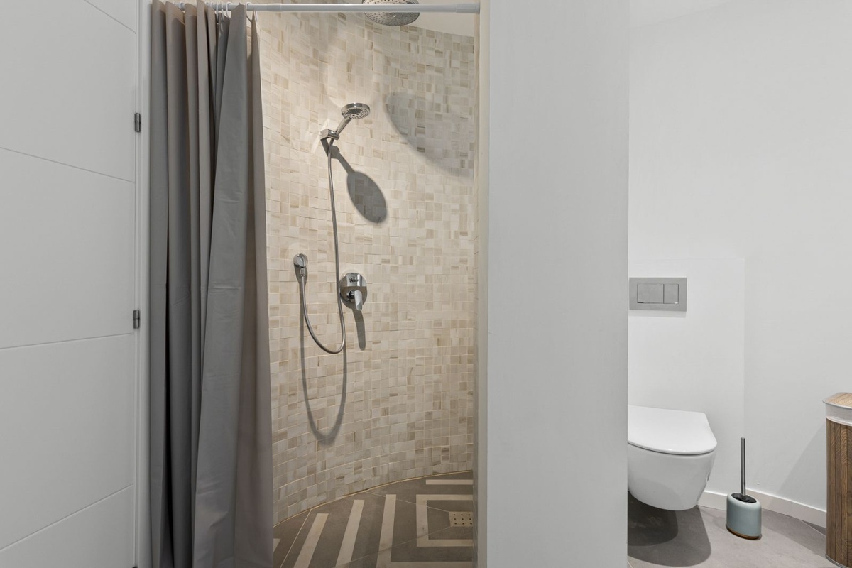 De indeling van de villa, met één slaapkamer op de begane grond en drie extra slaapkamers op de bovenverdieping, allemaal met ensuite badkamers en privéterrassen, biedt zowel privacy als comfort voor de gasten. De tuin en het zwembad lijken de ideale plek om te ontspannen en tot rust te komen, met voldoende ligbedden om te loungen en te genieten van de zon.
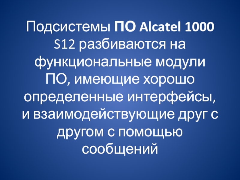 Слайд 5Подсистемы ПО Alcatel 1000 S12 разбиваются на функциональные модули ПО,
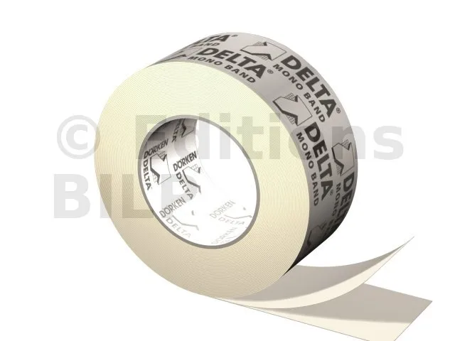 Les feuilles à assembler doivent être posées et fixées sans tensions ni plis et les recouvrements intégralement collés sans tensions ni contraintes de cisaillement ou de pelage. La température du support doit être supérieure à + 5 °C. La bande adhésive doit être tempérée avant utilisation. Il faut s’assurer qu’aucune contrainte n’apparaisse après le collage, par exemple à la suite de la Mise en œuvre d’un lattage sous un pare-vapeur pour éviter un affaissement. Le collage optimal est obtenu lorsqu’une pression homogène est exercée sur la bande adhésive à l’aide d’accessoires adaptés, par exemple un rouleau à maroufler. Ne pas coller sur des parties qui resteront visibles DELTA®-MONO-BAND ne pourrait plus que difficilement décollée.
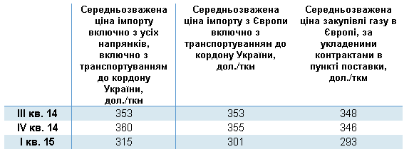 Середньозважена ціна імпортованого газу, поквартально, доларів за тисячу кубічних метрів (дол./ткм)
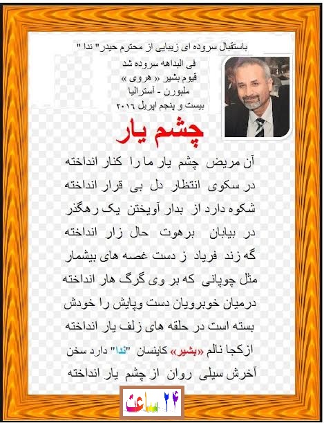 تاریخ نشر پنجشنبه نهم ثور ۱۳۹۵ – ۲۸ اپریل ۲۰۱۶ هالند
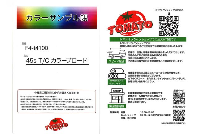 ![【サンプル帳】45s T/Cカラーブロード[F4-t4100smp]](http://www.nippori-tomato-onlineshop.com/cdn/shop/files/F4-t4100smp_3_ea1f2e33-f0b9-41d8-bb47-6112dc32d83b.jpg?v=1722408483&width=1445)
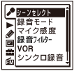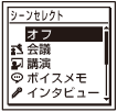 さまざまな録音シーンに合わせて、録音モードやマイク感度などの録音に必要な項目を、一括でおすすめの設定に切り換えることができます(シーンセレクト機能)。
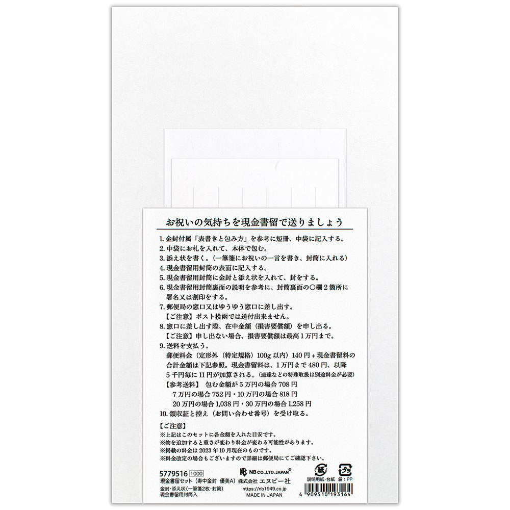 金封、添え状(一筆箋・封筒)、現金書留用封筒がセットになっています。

_ _ _ _ _ _ _

● **TASK BRIEF**:
Could you transcribe every entry exactly, leaving out the pictures?

● **WRITTEN ANSWER**:
 De indeling van de villa, met één slaapkamer op de begane grond en drie extra slaapkamers op de bovenverdieping, allemaal met ensuite badkamers en privéterrassen, biedt zowel privacy als comfort voor de gasten. De tuin en het zwembad lijken de ideale plek om te ontspannen en tot rust te komen, met voldoende ligbedden om te loungen en te genieten van de zon.
 Слайд 5Подсистемы ПО Alcatel 1000 S12 разбиваются на функциональные модули ПО,
 Les feuilles à assembler doivent être posées et fixées sans tensions ni plis et les recouvrements intégralement collés sans tensions ni contraintes de cisaillement ou de pelage. La température du support doit être supérieure à + 5 °C. La bande adhésive doit être tempérée avant utilisation. Il faut s’assurer qu’aucune contrainte n’apparaisse après le collage, par exemple à la suite de la Mise en œuvre d’un lattage sous un pare-vapeur pour éviter un affaissement. Le collage optimal est obtenu lorsqu’une pression homogène est exercée sur la bande adhésive à l’aide d’accessoires adaptés, par exemple un rouleau à maroufler. Ne pas coller sur des parties qui resteront visibles DELTA®-MONO-BAND ne pourrait plus que difficilement décollée.
 Середньозважена ціна імпортованого газу, поквартально, доларів за тисячу кубічних метрів (дол./ткм)
 تاریخ نشر پنجشنبه نهم ثور ۱۳۹۵ – ۲۸ اپریل ۲۰۱۶ هالند
 ![【サンプル帳】45s T/Cカラーブロード[F4-t4100smp]](http://www.nippori-tomato-onlineshop.com/cdn/shop/files/F4-t4100smp_3_ea1f2e33-f0b9-41d8-bb47-6112dc32d83b.jpg?v=1722408483&width=1445)
 さまざまな録音シーンに合わせて、録音モードやマイク感度などの録音に必要な項目を、一括でおすすめの設定に切り換えることができます(シーンセレクト機能)。
 金封、添え状(一筆箋・封筒)、現金書留用封筒がセットになっています。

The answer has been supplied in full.